I know the I should use Newton's generalized binomial theorem which says that,
$$(1+z)^a=\sum_{n=0}^{\infty} \binom {a} {n}z^n=1+\binom{a}{1}z+\binom{a}{2}z^2+...$$
But how can I use it in this special case?
On
It is possible to use the catalan number generating function $C(z)=\sum_{n\ge 0}c_nz^{2n}$ to derive the generating function $f(z)$ for NE lattice paths from $(0,0)$ to $(n,n)$.
The catalan number generating function is:
$$C(z)=\frac{1}{2z^2}\left(1-\sqrt{1-4z^2}\right)\tag{1}$$
which gives, as it's $z^{2n}$ coefficient, the number of NE lattice paths starting at $(0,0)$, that do not exceed the diagonal $y=x$, and terminate at $(n,n)$.
The total number of NE lattice paths starting at $(0,0)$ and that terminate at a diagonal coordinate $(n,n)$ is found by splitting NE lattice paths into $k=0,1,2,3,\ldots$ catalan paths joined by $2$ NE steps which intersect the diagonal (plus one step at the start and at the end). Since each catalan path may be either above or below the diagonal there is a multiplication factor of 2 for each catalan path generated by $C(z)$.
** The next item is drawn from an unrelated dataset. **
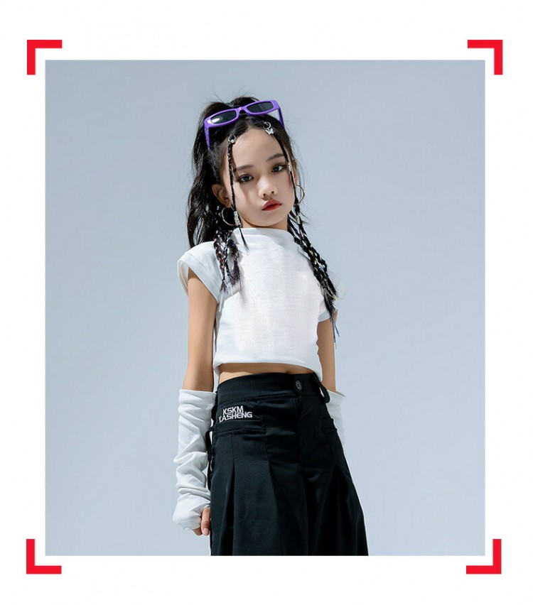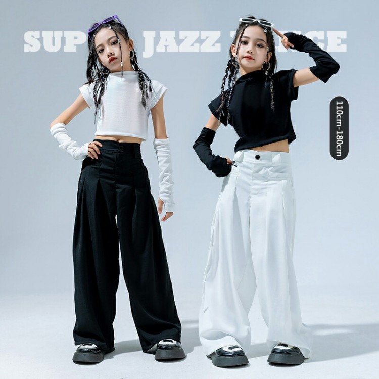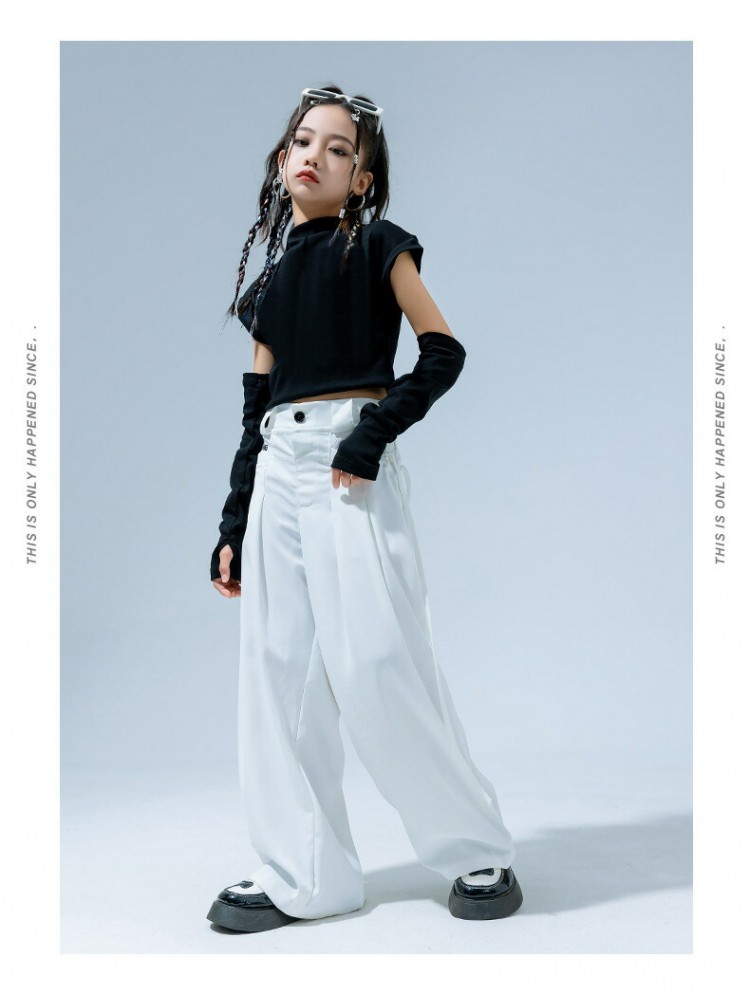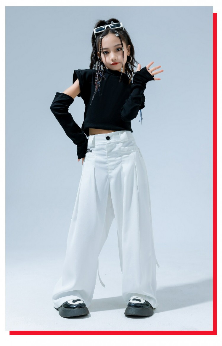 キッズ ダンス衣装 セットアップ かっ レディースファッション 通販 白トップス単品(腕カバー付き) 黒トップス単品(腕カバー付き) 白パンツ単品 黒パンツ単品 110 120 130 140 150 160 170 180

The generating function $f(z^2)=\sum_{n\ge 0}\binom{2n}{n}z^{2z}$ for all paths from $(0,0)$ to $(n,n)$ is therefore:
$$\begin{align}f(z^2)=(2C(z)z^2)^0+(2C(z)z^2)^1+&(2C(z)z^2)^2+(2C(z)z^2)^3+\cdots +(2C(z)z^2)^k+\cdots \\&=\frac{1}{1-2C(z)z^2}\tag{2}\end{align}$$
inputting $(1)$ into the right hand side of $(2)$ gives:
$$f(z^2)=\frac{1}{\sqrt{1-4z^2}}$$ $$\implies f(z)=\frac{1}{\sqrt{1-4z}}\tag*{$\blacksquare$}$$
\begin{eqnarray*} \binom{-1/2}{n} (-4)^n = \frac{(-1/2)(-3/2) \cdots (-1/2-(n-1))}{n!} (-4)^n=\frac{(-1)^n(2n-1)!!}{2^n n!} \frac{(2n)!!}{2^n n!} (-4)^n = \binom{2n}{n}. \end{eqnarray*}